Applying a criteria of what could be measured and what was likely to be interesting in a trade show context, a short list of things to measure on the booth was created:
This list is by no means exhaustive, and there were other candidates but these were considered the most achievable and probably most interesting.
Selecting a temperature sensor was straight forward, as many discreet sensors are available and mbed already has open source libraries or examples for many of these. We acquired some Arduino footprint prototype boards to serve as our ‘sensor shields’, and mounted all the external sensor modules on these. We used the RHT03 sensor and simply polled it once per minute, and reported the value to the server.
There are many microphone modules on the market as well. We selected one with a built in amplifier, the Maxim Integrated™ MAX9814. This has adjustable gain, and a simple analogue output with a range of about 2 Volts peak-to-peak.
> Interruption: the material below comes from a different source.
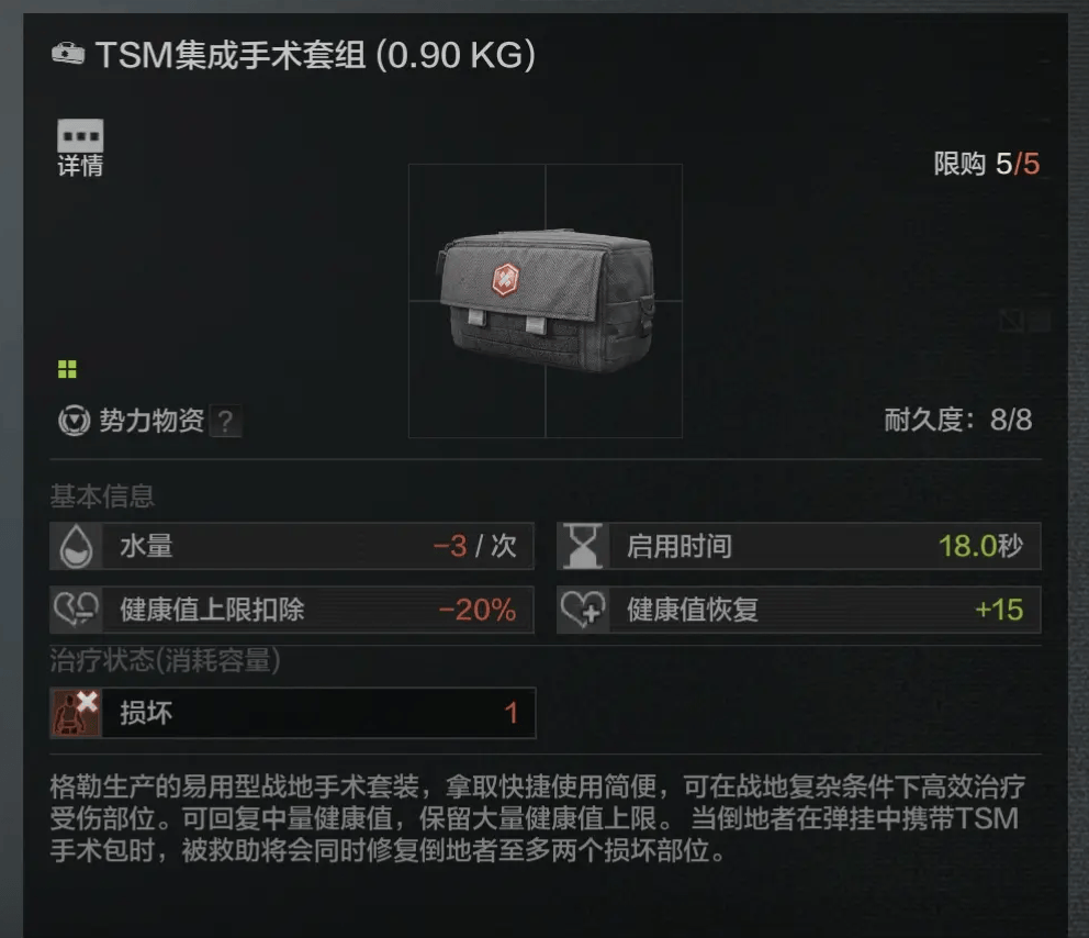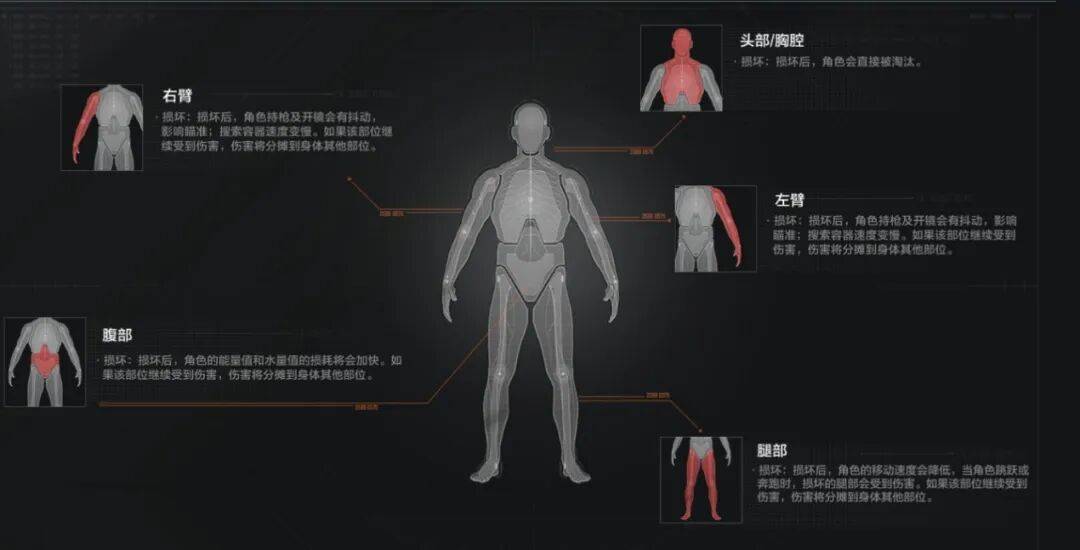 游戏的健康系统,同样师承塔科夫的多部位损伤与药品管理设计:角色的每个身体部位都有独立的血量和功能,不同的异常状态足足有十几条,受伤后不仅要止血、修复,还要应对视野模糊、体力下降等连锁反应。

We didn’t need any complex audio processing, just a very simple estimate of how ‘noisy’ a given station was. As our sensor node was doing several other things concurrently, we couldn’t be sampling the audio line continuously, and we also needed to avoid flooding the server with too much data. We decided to report a ‘noise level’ back to the server every 10 seconds. We experimented with different ways of generating that value, but settled on averaging the maximum peak-to-peak voltages measured on 50ms samples taken every 150ms. This meant our sensor was “listening” about one third of the time, leaving plenty of time for other processing whilst still giving a reasonable flavour for ambient noise over the course of the day.
Passage through the door of the booth was implemented with ‘trip’ sensors. At first we experimented with some infrared devices that worked without reflectors, but these didn’t function well at the range we were targeting, and were more difficult to program for as they generate an analogue voltage that requires some interpretation. We switched to a laser break beam sensor, but one which didn’t require a reflector, but has a lens which detects the dot. This also resulted in much simpler software as the output line of the sensor simply pulled to ground when the laser triggered.
At the 2015 Embedded World conference in Nuremburg, in addition to doors the ARM booth was laid out in such a way that there were 4 ‘corridors’ leading on to the booth. We decided to deploy sensors here as well, which would give us a good idea of overall footfall onto the booth. We used a LED Retroreflective Photoelectric sensor with a range up to 7.5 m. This required a reflector, but achieved the distance necessary to instrument the booth corridors.
Both these detection methods would be prone to some error – if two people walked next to each other, for instance, or if someone lingered in the beam path. These scenarios would be more likely in the longer range scenario. But on the whole they proved accurate enough, and we got some good data from the events where they were deployed.
‘Presence’, in the context of this demonstration, was treated as an indication of whether people were in a particular region of the booth or not – in front of a specific demo, in a given meeting room, or at a table or desk. We wanted to use this to create a ‘heatmap’ of which areas of the booth were most popular. We measured presence with three different sensors.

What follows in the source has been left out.